--- START ---

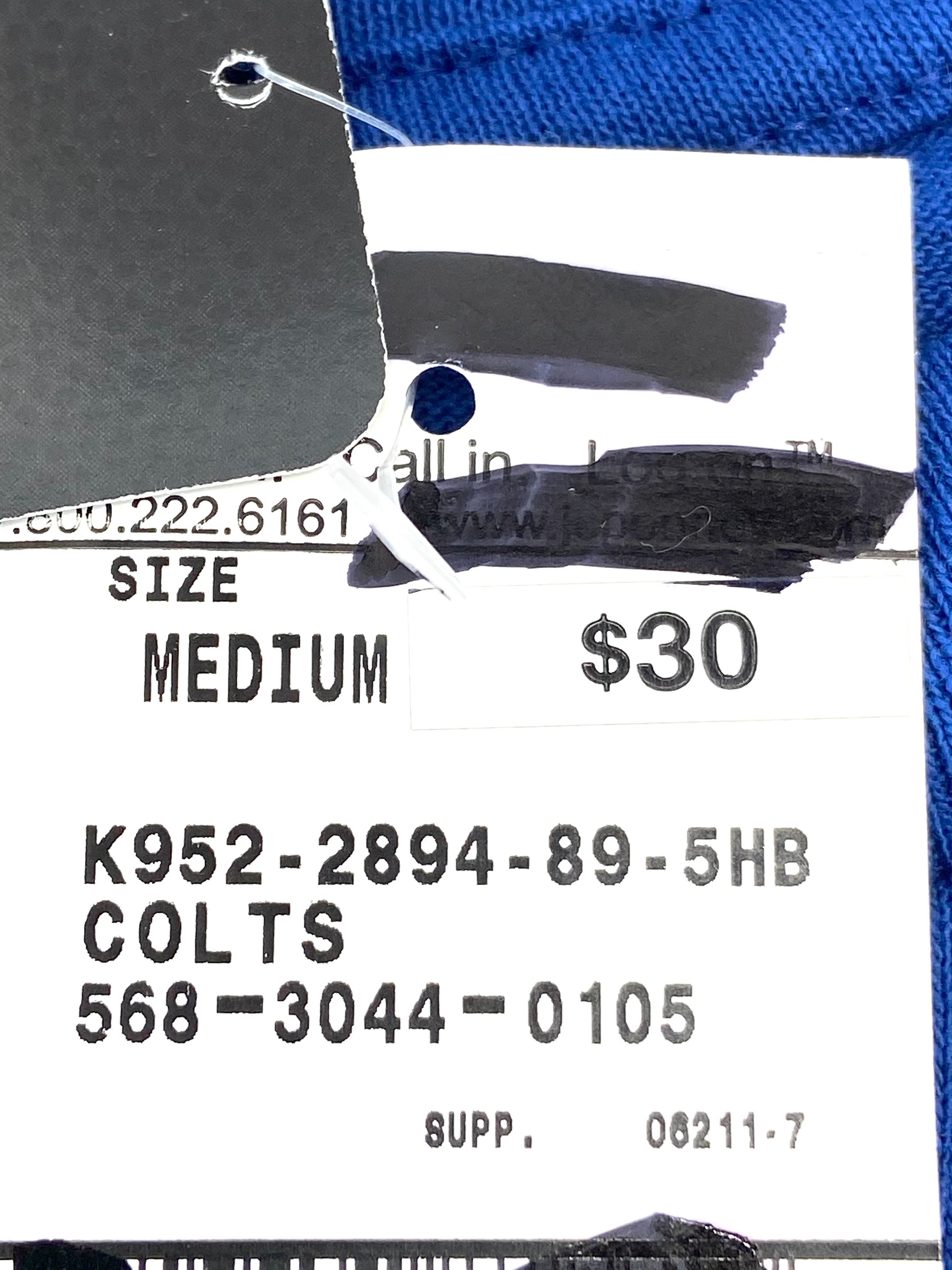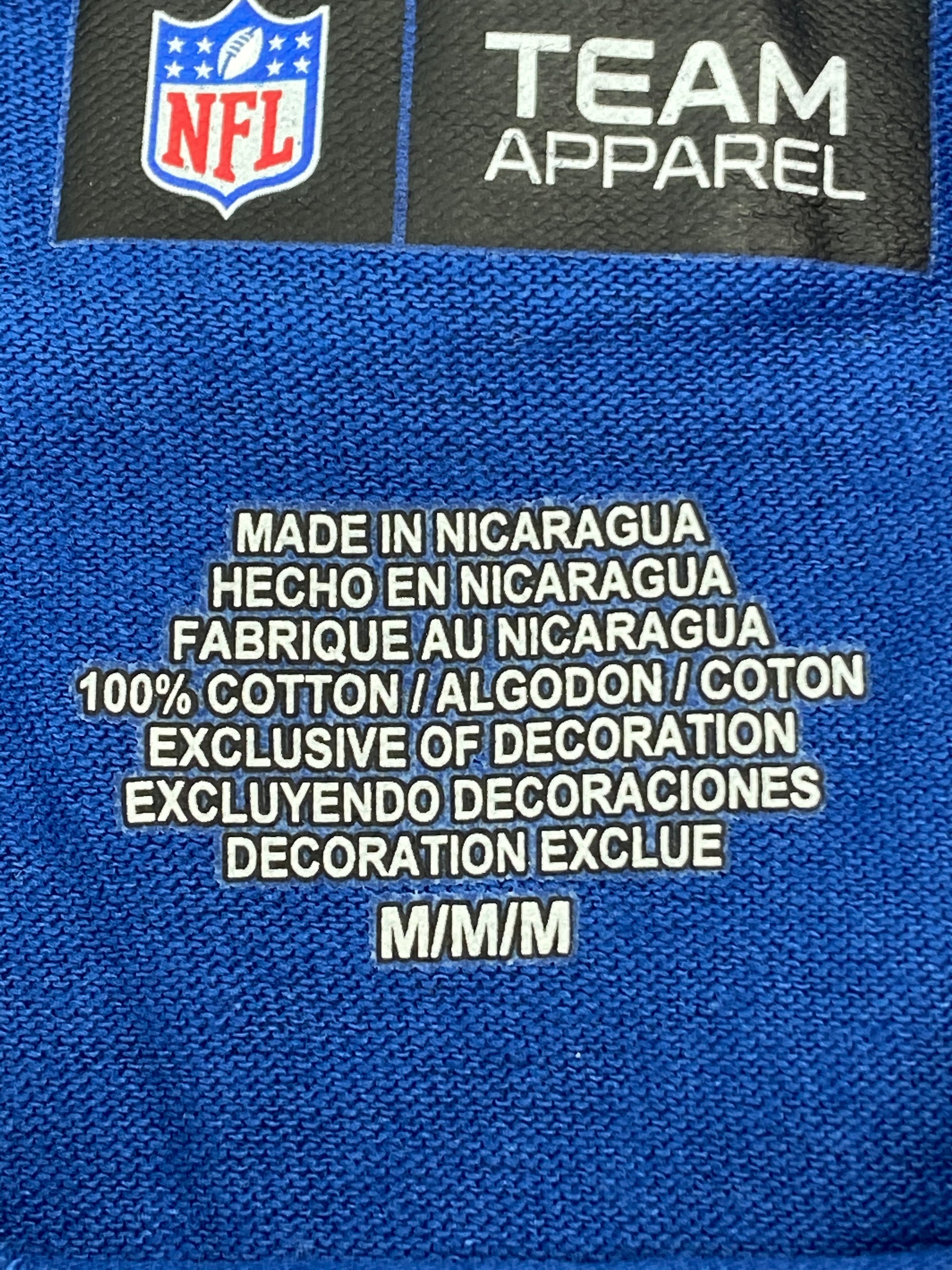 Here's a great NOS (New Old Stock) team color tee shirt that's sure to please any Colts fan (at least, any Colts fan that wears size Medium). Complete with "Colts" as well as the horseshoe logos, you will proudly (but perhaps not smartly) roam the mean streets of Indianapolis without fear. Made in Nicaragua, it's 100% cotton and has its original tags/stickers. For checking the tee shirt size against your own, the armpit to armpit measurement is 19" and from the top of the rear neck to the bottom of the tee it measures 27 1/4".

--- END ---
--- START ---

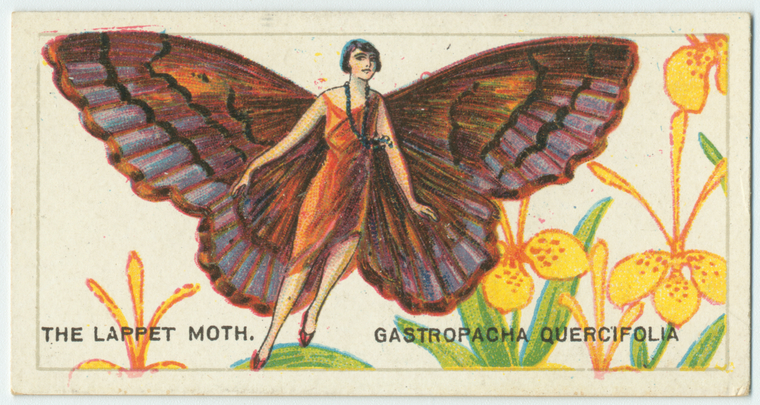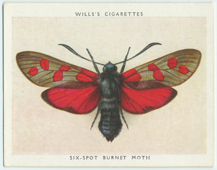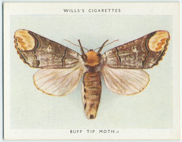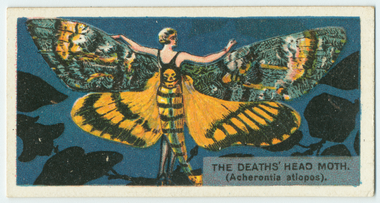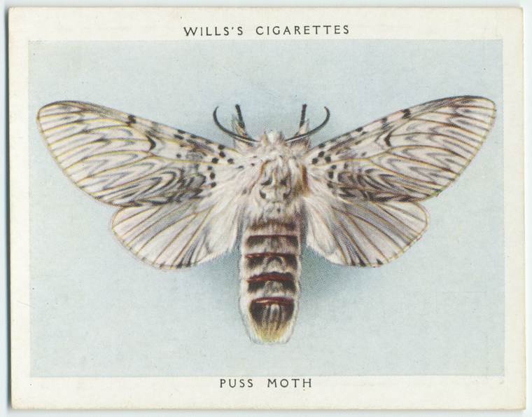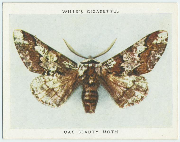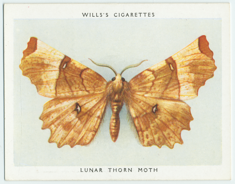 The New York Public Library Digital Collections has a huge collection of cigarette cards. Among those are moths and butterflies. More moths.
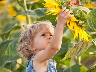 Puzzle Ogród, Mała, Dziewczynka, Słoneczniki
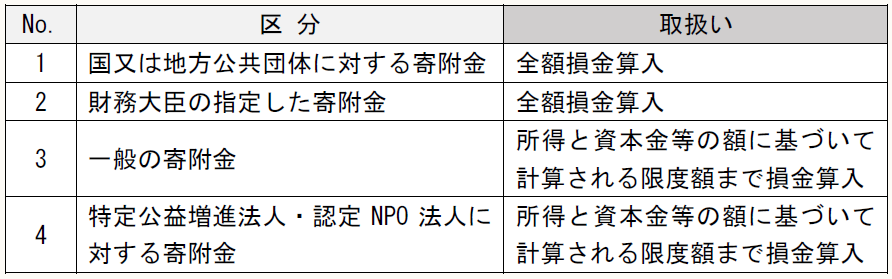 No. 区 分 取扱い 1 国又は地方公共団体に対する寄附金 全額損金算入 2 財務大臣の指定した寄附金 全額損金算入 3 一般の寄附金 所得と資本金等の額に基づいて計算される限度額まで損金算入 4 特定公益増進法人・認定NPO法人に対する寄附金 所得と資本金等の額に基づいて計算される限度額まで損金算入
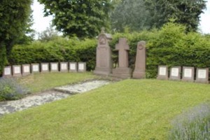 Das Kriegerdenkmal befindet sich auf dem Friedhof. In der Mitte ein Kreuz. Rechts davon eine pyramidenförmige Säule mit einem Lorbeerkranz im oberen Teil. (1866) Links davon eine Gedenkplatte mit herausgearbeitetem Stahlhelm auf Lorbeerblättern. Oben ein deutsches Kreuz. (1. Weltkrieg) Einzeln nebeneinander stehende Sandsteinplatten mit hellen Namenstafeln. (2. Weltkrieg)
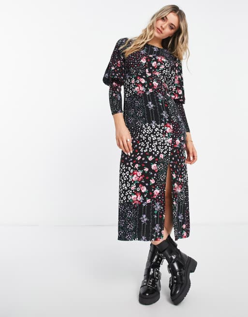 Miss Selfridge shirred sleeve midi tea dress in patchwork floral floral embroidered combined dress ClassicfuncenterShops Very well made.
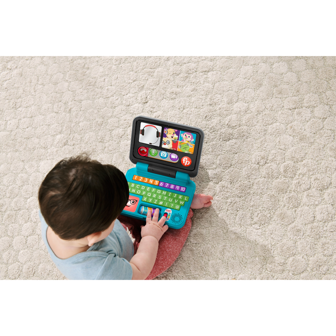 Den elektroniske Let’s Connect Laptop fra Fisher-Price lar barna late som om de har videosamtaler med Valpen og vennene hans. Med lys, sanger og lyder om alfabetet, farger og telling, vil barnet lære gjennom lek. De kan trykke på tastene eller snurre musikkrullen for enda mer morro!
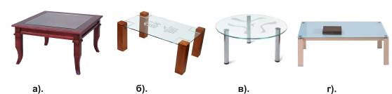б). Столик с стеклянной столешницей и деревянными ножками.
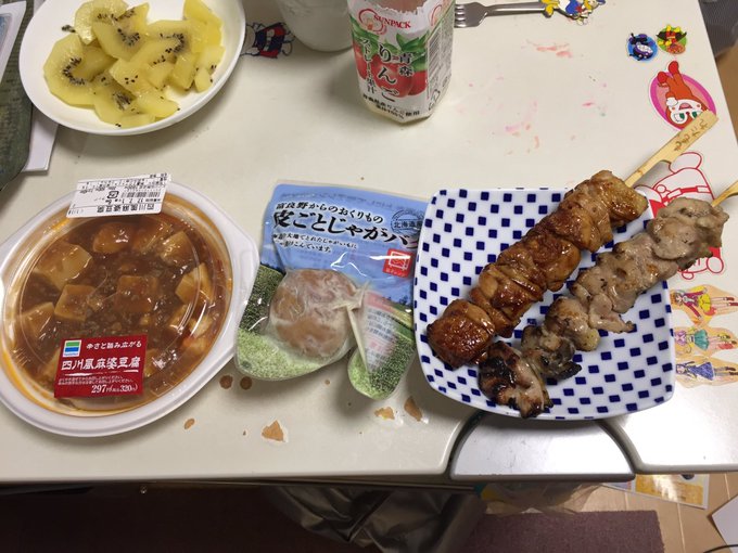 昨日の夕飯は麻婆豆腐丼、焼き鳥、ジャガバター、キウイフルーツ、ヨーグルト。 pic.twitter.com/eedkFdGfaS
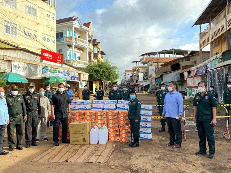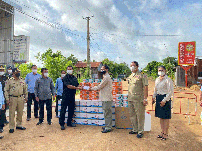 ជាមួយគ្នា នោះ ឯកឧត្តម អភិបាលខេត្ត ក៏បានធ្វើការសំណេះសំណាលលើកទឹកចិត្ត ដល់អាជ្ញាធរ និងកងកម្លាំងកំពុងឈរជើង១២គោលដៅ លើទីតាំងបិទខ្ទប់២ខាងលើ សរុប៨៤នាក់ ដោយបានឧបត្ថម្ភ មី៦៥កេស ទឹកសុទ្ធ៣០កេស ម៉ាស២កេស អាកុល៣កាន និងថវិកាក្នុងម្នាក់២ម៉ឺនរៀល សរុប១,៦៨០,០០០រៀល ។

--- END ---

TASK BRIEF:
The answer is the lines above from the one with "昨日の夕飯は麻婆豆腐丼、焼き" to the one with "ជាមួយគ្នា នោះ ឯកឧត្តម", set down exactly, with no pictures.

ANSWER SECTION:
 昨日の夕飯は麻婆豆腐丼、焼き鳥、ジャガバター、キウイフルーツ、ヨーグルト。 pic.twitter.com/eedkFdGfaS
 ជាមួយគ្នា នោះ ឯកឧត្តម អភិបាលខេត្ត ក៏បានធ្វើការសំណេះសំណាលលើកទឹកចិត្ត ដល់អាជ្ញាធរ និងកងកម្លាំងកំពុងឈរជើង១២គោលដៅ លើទីតាំងបិទខ្ទប់២ខាងលើ សរុប៨៤នាក់ ដោយបានឧបត្ថម្ភ មី៦៥កេស ទឹកសុទ្ធ៣០កេស ម៉ាស២កេស អាកុល៣កាន និងថវិកាក្នុងម្នាក់២ម៉ឺនរៀល សរុប១,៦៨០,០០០រៀល ។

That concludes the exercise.